Просекаете? Точно чокнутый!
– И что поет?
– Что-то на английском, кажется, «Битлов».
Белкин усмехнулся.
– Серега – счастливый человек. Просто многим не понять его счастья. Его счастье не купить ни за какие деньги.
Таничев кивнул Белкину:
– Володь, выйдем на минутку.
Белкин вышел вслед за Петровичем на улицу.
– Чего, Петрович?
Старший убойщик достал папиросу.
– Херово дело. Звонили из РУВД, на Казанову возбудили статью. Я не хочу ему говорить. Он сейчас тоже весь от счастья млеет, со своим свитером…
– Ну, блядство… Может, прекратят?
– Не знаю. Следачка нормальной теткой оказалась, она материал отказала, мол, все правомерно. Это в горпрокуратуре отменили, возбудили статью и дело себе оставили.
Следачке тоже вставили. Мол, вы обязаны бороться с преступниками, а не покрывать их.
И наши туда же. Но мне даже не из-за этой весточки «доброй» позвонили. Просят, чтоб я уговорил Казанову накатать рапорт на увольнение задним числом. За день до стрельбы.
Перестраховщики. Как у него в таком случае табельный ствол оказался? А, тоже что-нибудь придумают. Пошли они… Сами пускай уговаривают.

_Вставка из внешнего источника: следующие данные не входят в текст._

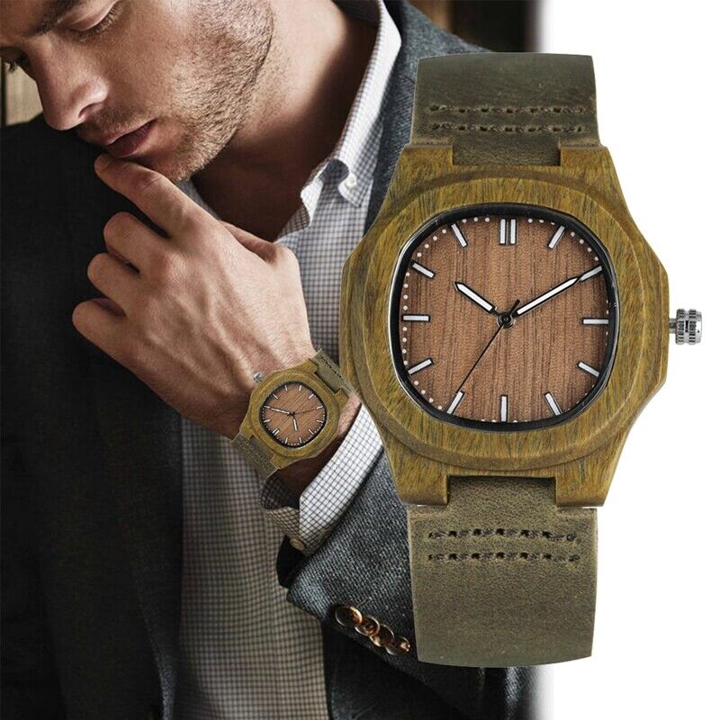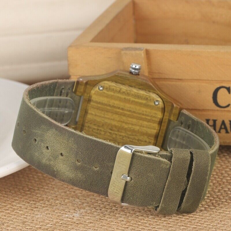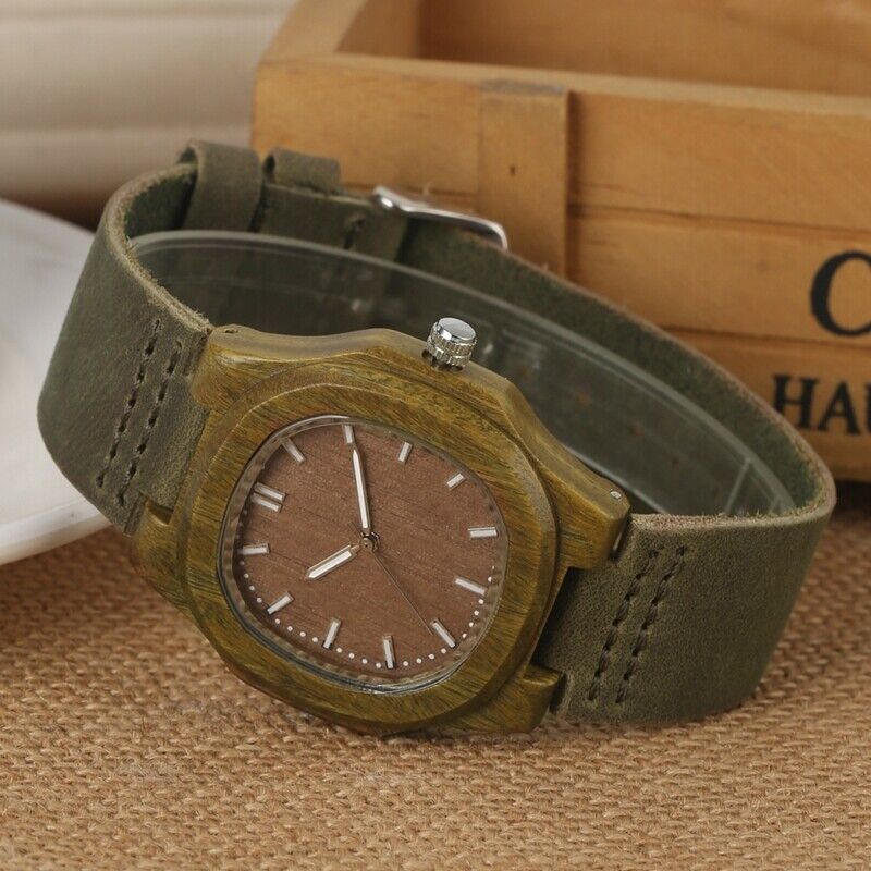 Wooden Wristwatch for Boys Classic Appeal: Emphasize the classic appeal of the wooden wristwatch for boys. The combination of green wood, durable leather, and a concise brown dial creates a timeless accessory suitable for boys who desire a classic choice that complements their evolving taste.

– Тьфу, – сплюнул Вовчик под ноги. – Казанова преступник. Совсем спятили. Так бы на бандитов дела возбуждали.
– Ничего не попишешь. Политика – дело грязное. Игрища на свежем воздухе.
– Что ему светит?
– Смотря какая установка. Я ничего не исключаю.
– Где справедливость, Петрович? Казанова скоро как червонец в ментуре. И что он нажил? Кишки распоротые да больное сердце. Молодой мужик, а ходит с пилюлями в кармане. Вон, суки молодые приходят, через год «тачки» да квартиры покупают, твари продажные, и здоровы, как кабаны… Ненавижу! Где справедливость, Петрович?
– Не знаю, Володя.
Белкин не успокаивался:
– Когда мои новые соседи узнали, что я мент, перестали со мной здороваться. Мне, конечно, плевать, переживу, но почему так?! Из-за этих продажных сук ментура превращается в помойку, в которую плюют все кому не лень! А на тех, кто пытается вытянуть ее из этой помойки, поборники законности возбуждают дела. Свои же просят уволиться, чтобы прикрыть задницу. Ненавижу!

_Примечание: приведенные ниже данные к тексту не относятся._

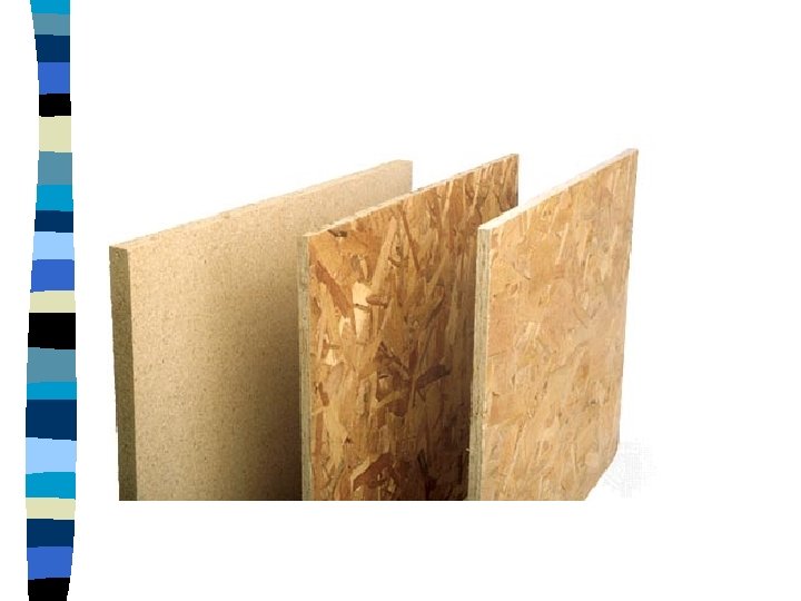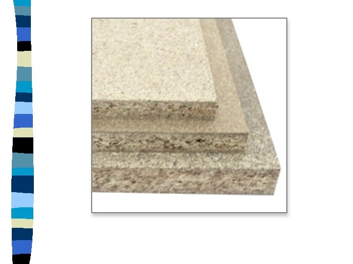 Particle Board n Manufactured sheets of wood made from ground up scrap wood, sawdust, and glue

Белкин саданул кулаком по кирпичной стене:
– Если что с Казановой будет, я этого губошлепа молодого сам прихлопну, как таракана.
– Ты только не лезь. Остынь. Чего воздух сотрясать впустую?

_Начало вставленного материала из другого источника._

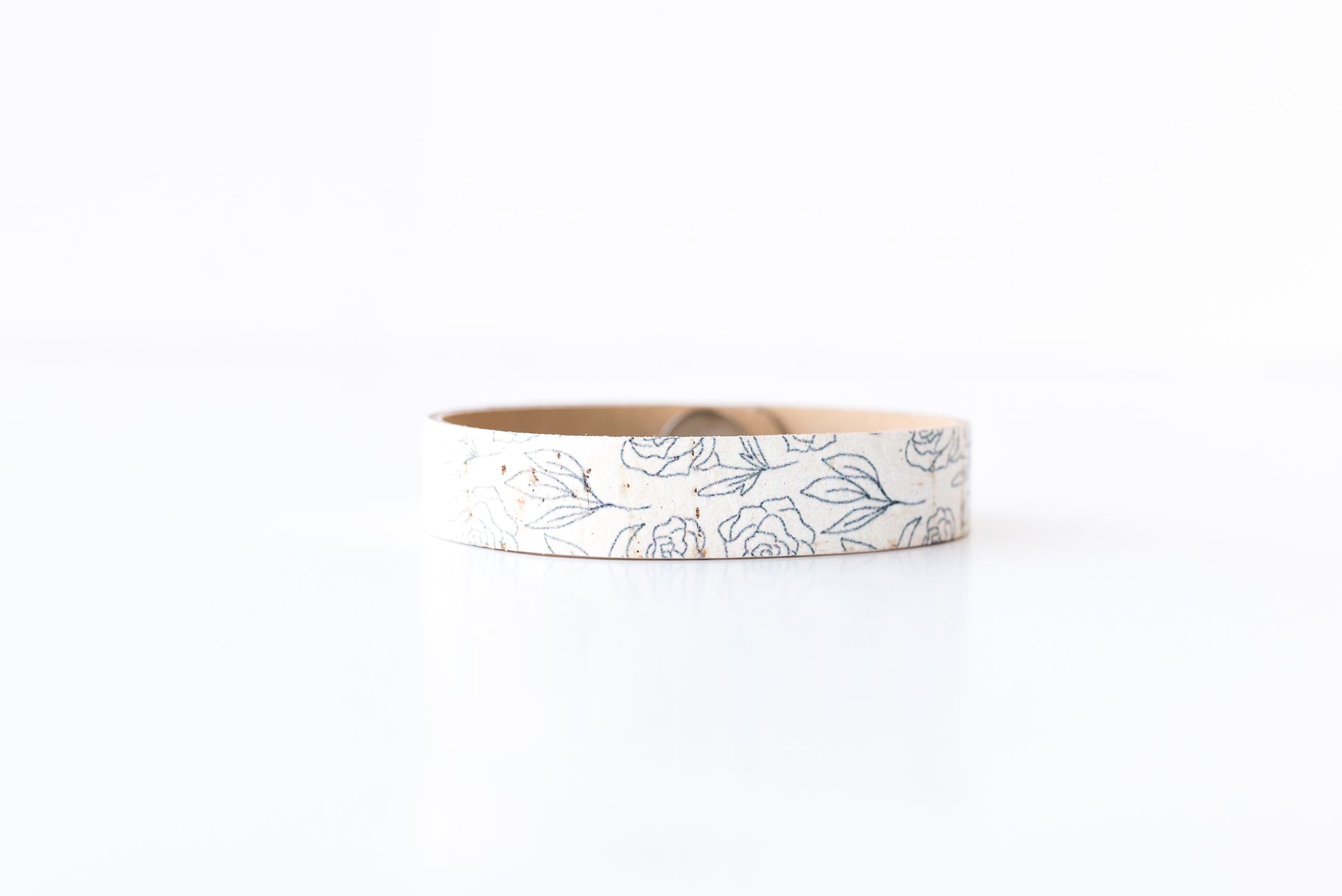 Leather Bracelet / Skinny Slim Cuff / Simple Roses Cork

– Да я не сотрясаю. Обидно, бляха.
– Ладно, пошли, скажем как-нибудь. Может, действительно обойдется. – Таничев сделал глубокую затяжку.
Вовчик еще раз саданул по стене и двинулся вслед за старшим.
Глава 14
Вечером того же дня Белкин с Гончаровым стояли во дворе дома-колодца и рассматривали окна третьего этажа. Сам дом располагался на набережной Обводного, выходя окнами на канал. Свет в нужной квартире не горел. Это вовсе не означало, что хозяина нет дома, в город пришли «белые ночи».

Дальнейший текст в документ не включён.